Task to complete:
Look for the line containing "- Profesjonalny zestaw" and the line containing "2016년 월드비전 무진종합사회복지관" in the entries below. Copy those two and all lines between them exactly, leaving out pictures.

Dataset extract:

________

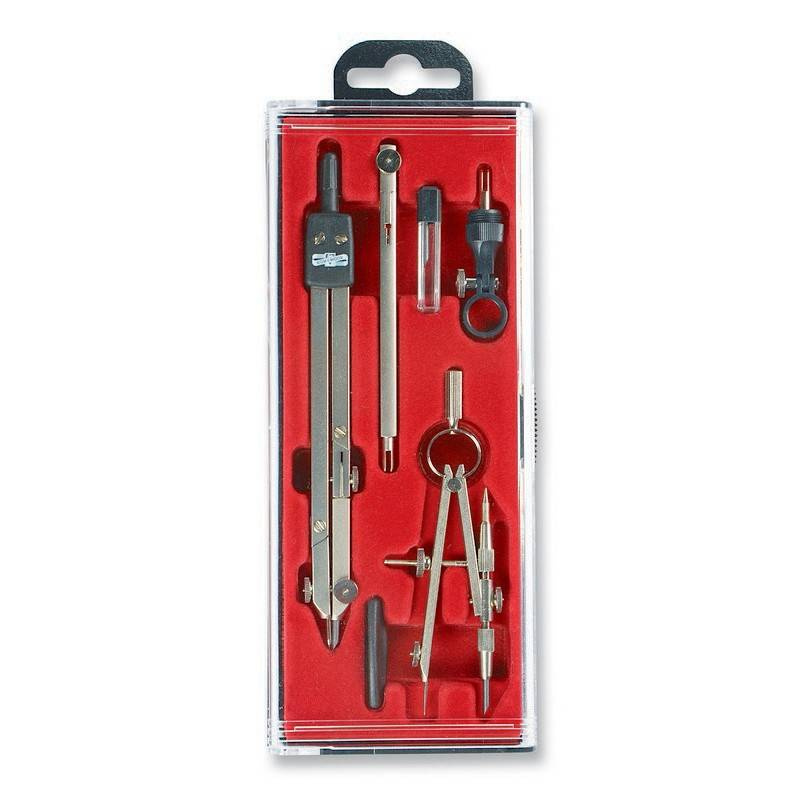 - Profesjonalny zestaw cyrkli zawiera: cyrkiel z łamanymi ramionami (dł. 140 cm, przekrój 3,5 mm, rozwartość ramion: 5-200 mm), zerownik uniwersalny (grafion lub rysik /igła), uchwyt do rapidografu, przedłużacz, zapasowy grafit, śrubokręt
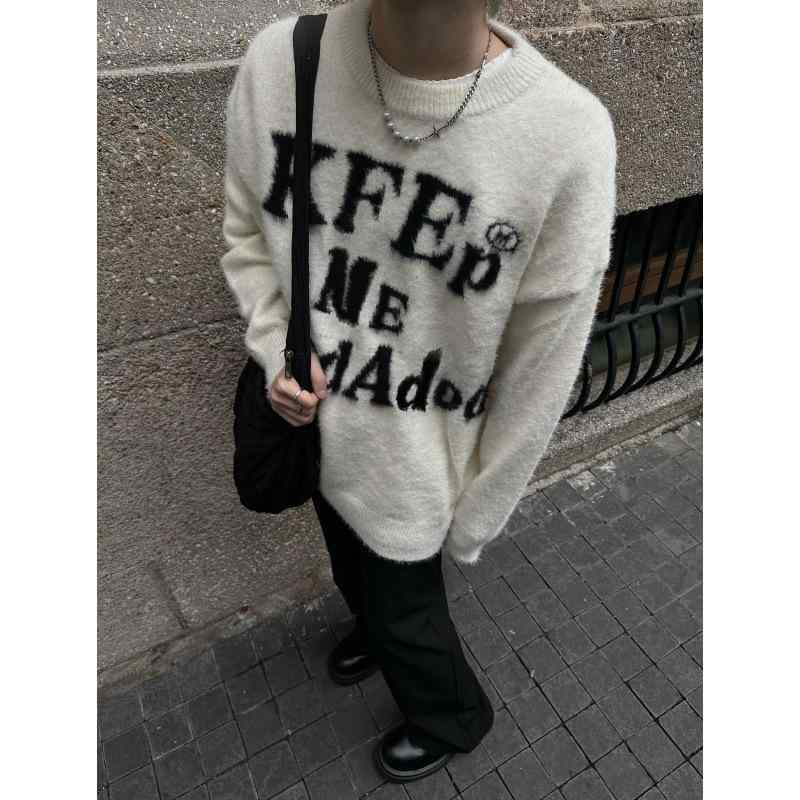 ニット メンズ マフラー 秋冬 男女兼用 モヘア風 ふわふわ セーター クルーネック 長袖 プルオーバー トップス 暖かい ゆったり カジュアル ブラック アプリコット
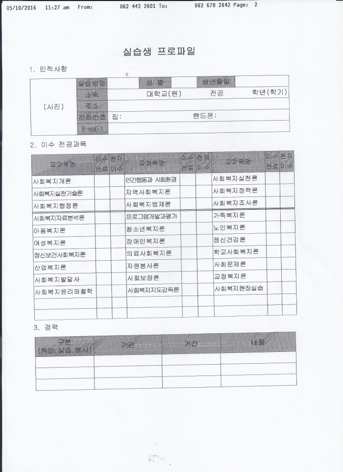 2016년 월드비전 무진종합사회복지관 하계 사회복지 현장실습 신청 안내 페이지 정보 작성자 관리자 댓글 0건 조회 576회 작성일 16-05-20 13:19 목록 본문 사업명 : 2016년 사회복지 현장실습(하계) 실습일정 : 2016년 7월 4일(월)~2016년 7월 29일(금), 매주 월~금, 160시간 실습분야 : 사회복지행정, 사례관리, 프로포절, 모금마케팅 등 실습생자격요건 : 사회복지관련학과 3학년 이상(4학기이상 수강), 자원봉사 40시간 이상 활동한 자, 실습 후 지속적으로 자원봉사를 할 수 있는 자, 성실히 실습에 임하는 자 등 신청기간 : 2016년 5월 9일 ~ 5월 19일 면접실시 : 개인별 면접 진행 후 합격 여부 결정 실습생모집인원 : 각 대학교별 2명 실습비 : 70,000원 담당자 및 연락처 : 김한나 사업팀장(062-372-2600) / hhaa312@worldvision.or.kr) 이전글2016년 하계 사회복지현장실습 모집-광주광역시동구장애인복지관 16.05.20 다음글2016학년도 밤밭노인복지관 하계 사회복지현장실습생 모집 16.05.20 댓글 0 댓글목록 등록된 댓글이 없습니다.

________

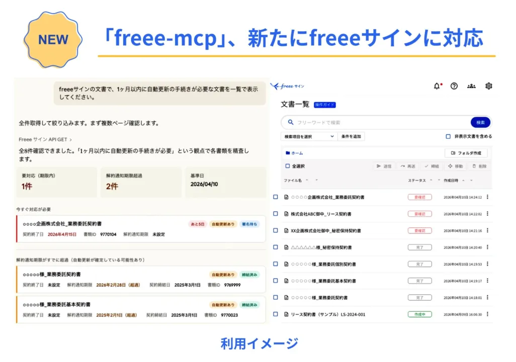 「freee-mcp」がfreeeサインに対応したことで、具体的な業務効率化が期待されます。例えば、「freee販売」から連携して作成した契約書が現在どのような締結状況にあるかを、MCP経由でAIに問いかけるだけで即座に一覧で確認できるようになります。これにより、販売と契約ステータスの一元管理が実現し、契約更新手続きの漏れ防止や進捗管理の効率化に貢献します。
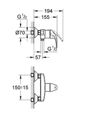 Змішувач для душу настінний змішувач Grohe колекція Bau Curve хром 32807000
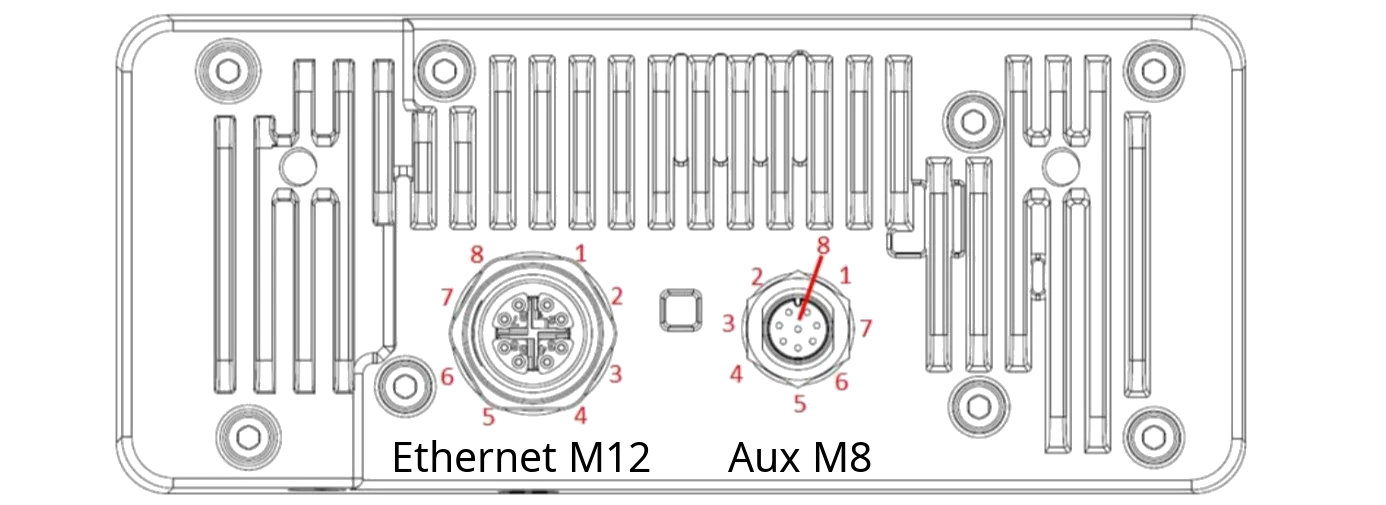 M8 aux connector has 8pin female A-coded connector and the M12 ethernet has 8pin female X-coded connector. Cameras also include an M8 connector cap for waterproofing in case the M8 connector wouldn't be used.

________

Answer to this problem:
 - Profesjonalny zestaw cyrkli zawiera: cyrkiel z łamanymi ramionami (dł. 140 cm, przekrój 3,5 mm, rozwartość ramion: 5-200 mm), zerownik uniwersalny (grafion lub rysik /igła), uchwyt do rapidografu, przedłużacz, zapasowy grafit, śrubokręt
 ニット メンズ マフラー 秋冬 男女兼用 モヘア風 ふわふわ セーター クルーネック 長袖 プルオーバー トップス 暖かい ゆったり カジュアル ブラック アプリコット
 2016년 월드비전 무진종합사회복지관 하계 사회복지 현장실습 신청 안내 페이지 정보 작성자 관리자 댓글 0건 조회 576회 작성일 16-05-20 13:19 목록 본문 사업명 : 2016년 사회복지 현장실습(하계) 실습일정 : 2016년 7월 4일(월)~2016년 7월 29일(금), 매주 월~금, 160시간 실습분야 : 사회복지행정, 사례관리, 프로포절, 모금마케팅 등 실습생자격요건 : 사회복지관련학과 3학년 이상(4학기이상 수강), 자원봉사 40시간 이상 활동한 자, 실습 후 지속적으로 자원봉사를 할 수 있는 자, 성실히 실습에 임하는 자 등 신청기간 : 2016년 5월 9일 ~ 5월 19일 면접실시 : 개인별 면접 진행 후 합격 여부 결정 실습생모집인원 : 각 대학교별 2명 실습비 : 70,000원 담당자 및 연락처 : 김한나 사업팀장(062-372-2600) / hhaa312@worldvision.or.kr) 이전글2016년 하계 사회복지현장실습 모집-광주광역시동구장애인복지관 16.05.20 다음글2016학년도 밤밭노인복지관 하계 사회복지현장실습생 모집 16.05.20 댓글 0 댓글목록 등록된 댓글이 없습니다.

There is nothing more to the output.